Dataset excerpt
▼
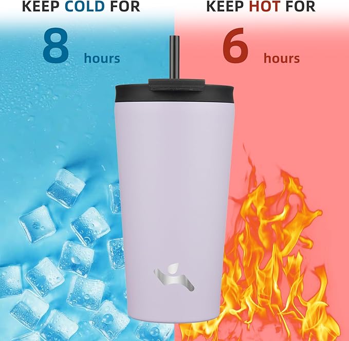 - The tumbler with straw lid is made of premium 18/8 stainless steel, double wall vacuum insulation keeps drinks cold for up to 8 hours and hot for up to 6 hours
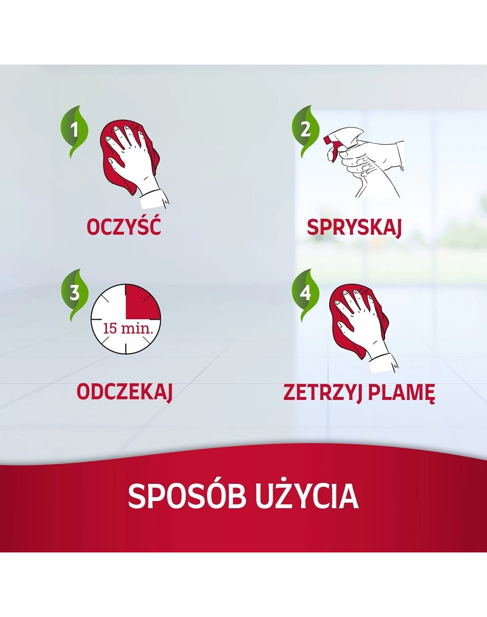 Folt- és szagtalanító: tisztítsa meg a foltot, amennyire csak tudja, majd alaposan itassa át a szennyezett területet a termékkel. Az áztatás azért fontos, mert így a termék mélyebbre hatolhat. Hagyja hatni 15 percig, majd tiszta ruhával szárítsa meg a foltot.
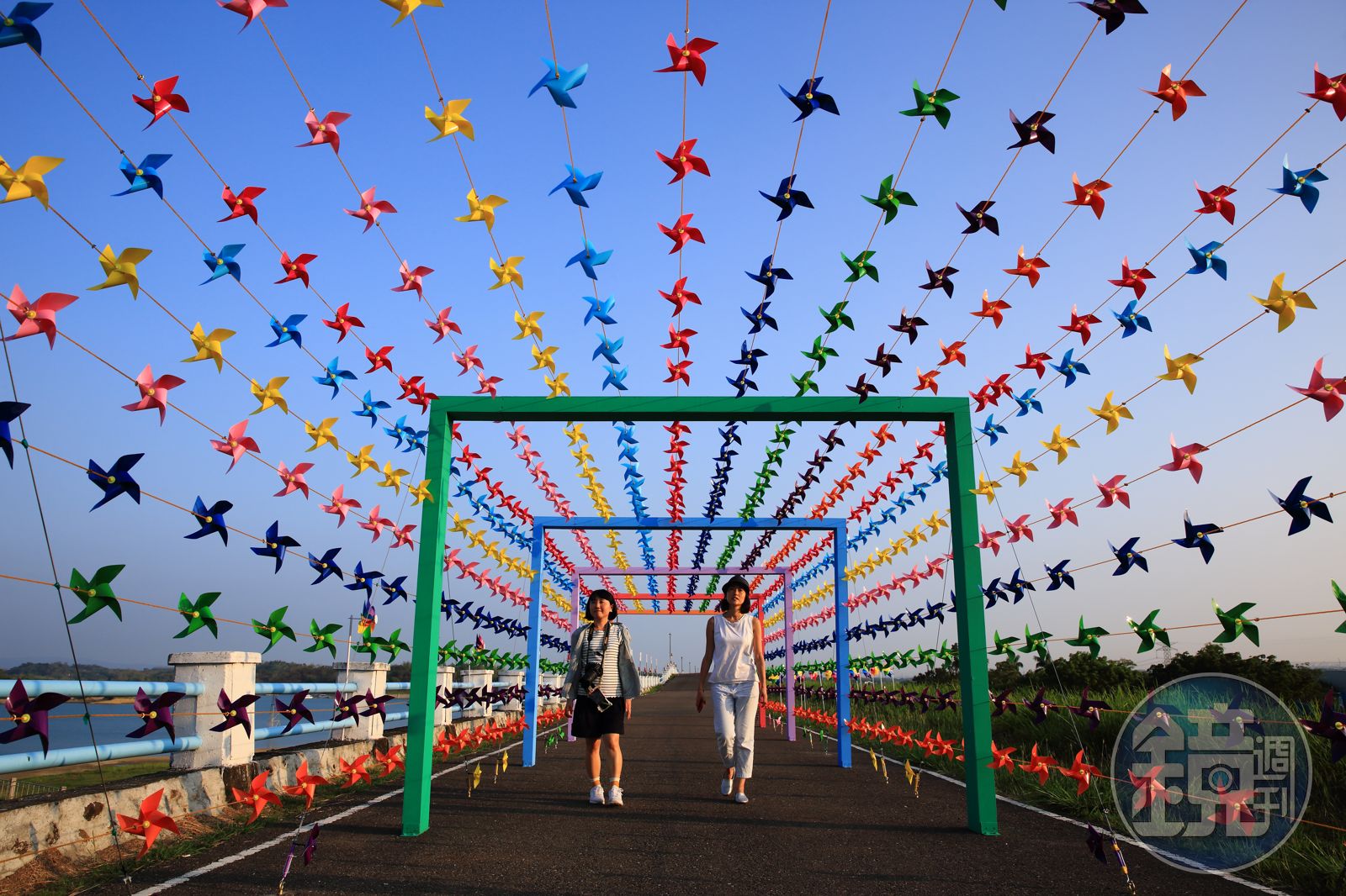 以風車為主題打造的藝術裝置,有水漾風車隧道、水漾蝴蝶牆、福氣貓頭鷹風車區、大風車區、風車帆船、幸運輪轉風車區、幸福風車海等。最受歡迎的打卡點「水漾風車隧道」,是由6座馬卡龍色彩的拱門串起,牽起一串一串的風車。
▲
Reproduce the listing exactly. The pictures are to be omitted.

 - The tumbler with straw lid is made of premium 18/8 stainless steel, double wall vacuum insulation keeps drinks cold for up to 8 hours and hot for up to 6 hours
 Folt- és szagtalanító: tisztítsa meg a foltot, amennyire csak tudja, majd alaposan itassa át a szennyezett területet a termékkel. Az áztatás azért fontos, mert így a termék mélyebbre hatolhat. Hagyja hatni 15 percig, majd tiszta ruhával szárítsa meg a foltot.
 以風車為主題打造的藝術裝置,有水漾風車隧道、水漾蝴蝶牆、福氣貓頭鷹風車區、大風車區、風車帆船、幸運輪轉風車區、幸福風車海等。最受歡迎的打卡點「水漾風車隧道」,是由6座馬卡龍色彩的拱門串起,牽起一串一串的風車。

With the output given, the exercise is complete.